→ **TASK TO CARRY OUT**:
From the first line of the material through the line that holds "Итальянская кухня из", repeat each line exactly and skip any picture.

→ **DATA SEGMENT**:

----

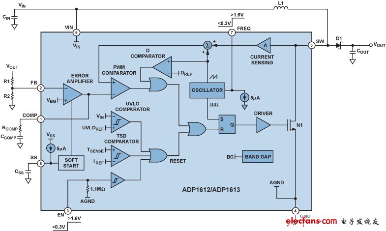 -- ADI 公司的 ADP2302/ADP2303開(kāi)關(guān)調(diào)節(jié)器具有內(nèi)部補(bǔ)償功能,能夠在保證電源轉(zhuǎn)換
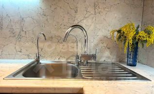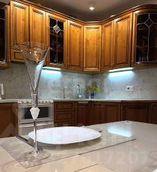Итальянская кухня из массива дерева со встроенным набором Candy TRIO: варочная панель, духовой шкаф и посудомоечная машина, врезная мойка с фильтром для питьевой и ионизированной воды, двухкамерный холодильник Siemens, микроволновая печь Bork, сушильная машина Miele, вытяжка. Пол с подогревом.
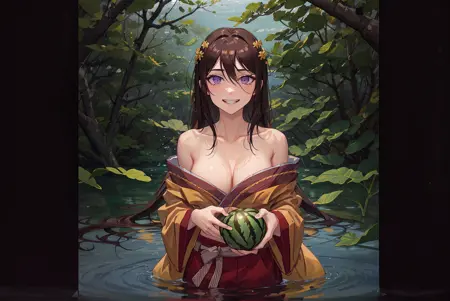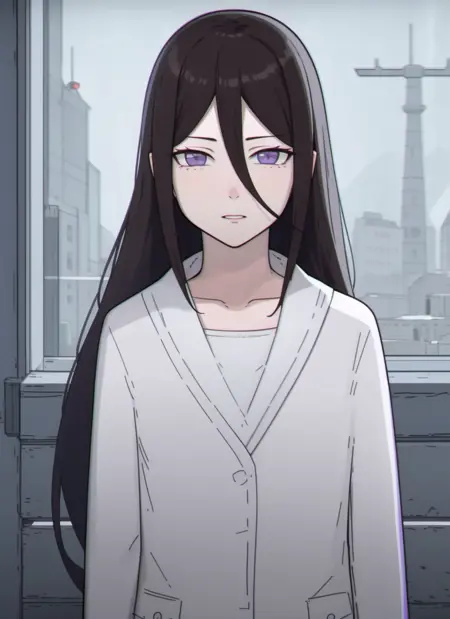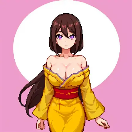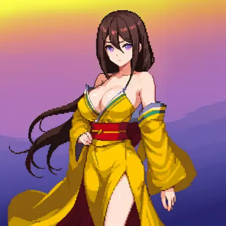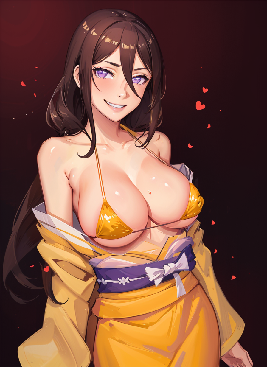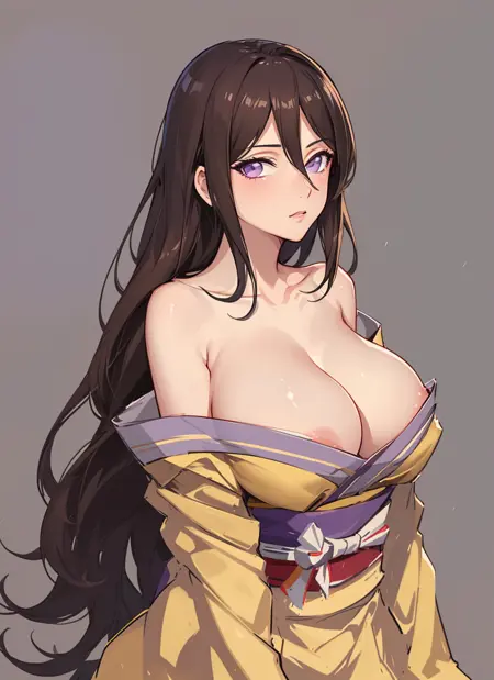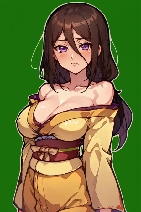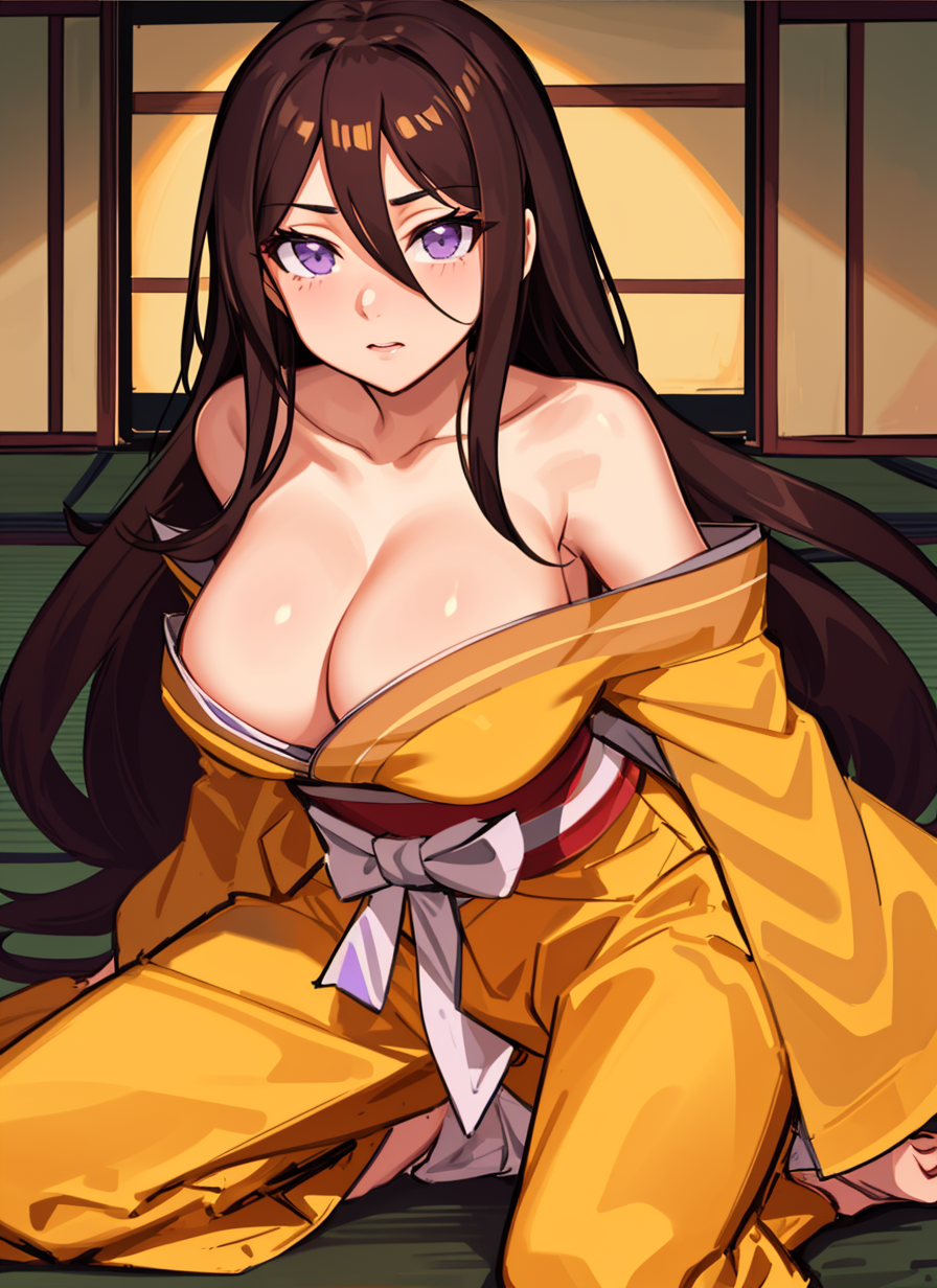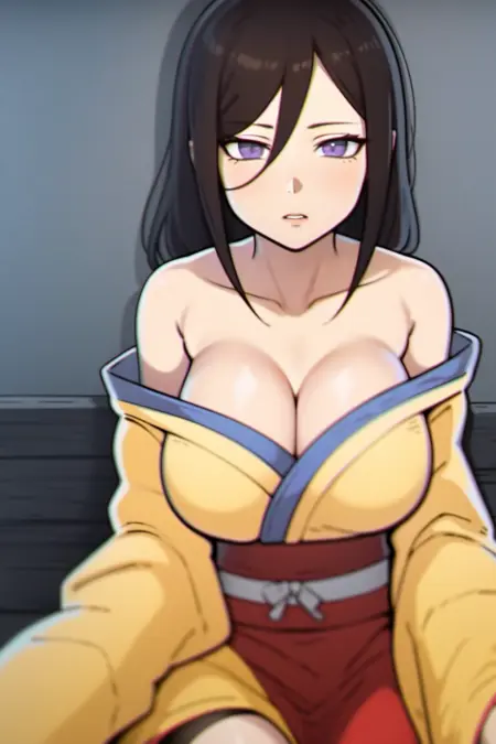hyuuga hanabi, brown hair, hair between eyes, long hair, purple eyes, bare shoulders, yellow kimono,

----

→ **EXERCISE ANSWER**:
 -- ADI 公司的 ADP2302/ADP2303開(kāi)關(guān)調(diào)節(jié)器具有內(nèi)部補(bǔ)償功能,能夠在保證電源轉(zhuǎn)換
Итальянская кухня из массива дерева со встроенным набором Candy TRIO: варочная панель, духовой шкаф и посудомоечная машина, врезная мойка с фильтром для питьевой и ионизированной воды, двухкамерный холодильник Siemens, микроволновая печь Bork, сушильная машина Miele, вытяжка. Пол с подогревом.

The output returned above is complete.